One of the other important elements of contract law, which is difficult for the non-lawyer to understand, is the requirement of consideration. One 1875 English case, Currie v. Misa, offered a definition of "consideration" which is still used:

".. some right, interest, profit or benefit accruing to the one party or some forbearance, detriment, loss or responsibility given, suffered or undertaken by the other."

As such, a contract differs from a gift. This also explains why you sometimes hear of very expensive objects sold for $1; which is done to ensure that what is essentially a gift, comes with the legal protection of contract law.

Under contract law, there is no contract if there is no consideration.

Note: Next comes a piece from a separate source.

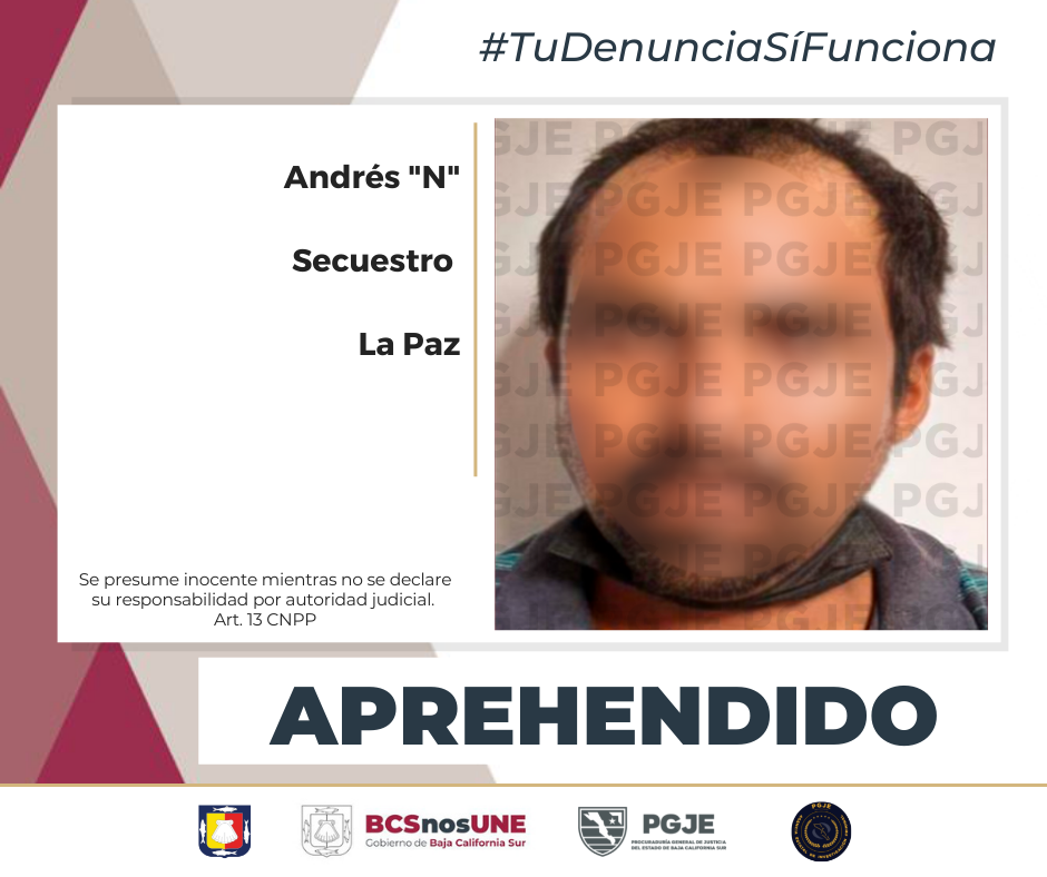 Con la cumplimentación de la orden de aprehensión en contra de Andrés “N”, de apodo El Henry, por su probable participación en el delito referido, la PGJE desarticuló otra banda de secuestradores que operaba en el municipio de La Paz.

But consideration does not necessarily have to be quantified or quantifiable in monetary terms. Any discernible detriment to one of the parties could be that party's consideration. In one case, Hubbs v. Black, 1918, agreeing not to take a certain plot in a cemetery was considered to be sufficient consideration. Giving a right to sue on a "bona fide" claim has been deemed to be adequate consideration. Also, the courts don't really care about the adequacy of the consideration. This is the business of the parties and not a matter for judicial interference. Some other notes on consideration:

The consideration must be reciprocal, each party offering consideration.

Motive is different from consideration. Your motive for contracting is your personal reason for contracting. It may not coincide with the consideration you are giving, or receiving, as part of the contract.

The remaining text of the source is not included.